- Born: Juliet Claire Morris 26 April 1965 (age 61) London, England
- Education: University of Hull
- Occupations: Journalist, newsreader and television presenter
- Years active: 1989–present
- Employer: BBC

= Juliet Morris =

British television presenter (born 1965)

Juliet Morris (born 26 April 1965) is a British television presenter.

==Early life==
Morris was educated at Lady Eleanor Holles School, an independent school for girls in Hampton in West London, where she recalled the difficulties of being left-handed. At the age of eleven, she moved to a private school (St Margarets, Exeter) when her family settled in Devon. She graduated from the University of Hull in 1986 having studied English and Drama.

==Broadcasting career==
Following a spell on BBC South West's Spotlight, Morris went on to join the BBC children's news show Newsround in 1990. She left the show in 1995 to present BBC Breakfast News for three years. She has since presented The Heaven and Earth Show. She was also the main presenter for the Here and Now current affairs programme and co-presented the programme 999, alongside Michael Buerk.

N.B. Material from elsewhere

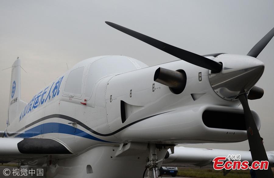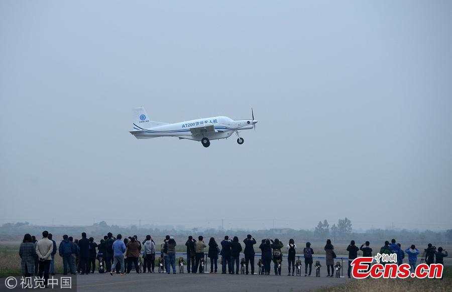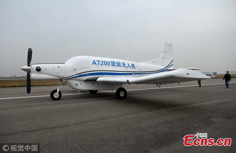 China's heaviest cargo unmanned aerial vehicle (UAV), the AT200, undergoes a test flight in Pucheng County, Northwest China’s Shaanxi Province, Oct. 30, 2017. The AT200 drone, jointly developed by several research institutes and companies, made a successful 28-minute flight. The UAV has a maximum flying speed of 313 km per hour, a flight range of 2,183 kilometers, and a 6,098-meter service ceiling. (Photo/VCG)

She was also the presenter of BBC's The House Detectives (1997–2000) on which she and a team of experts, led by Dan Cruickshank, investigated the histories of houses belonging to members of the public. She presented the BBC overseas property show Uncharted Territory (2006 and 2007) and she was formerly a reporter on Countryfile.

In 1998, she made a report for Panorama on suicide among young men, during which she revealed that her younger brother, Edward, had committed suicide in 1994 at the age of 24.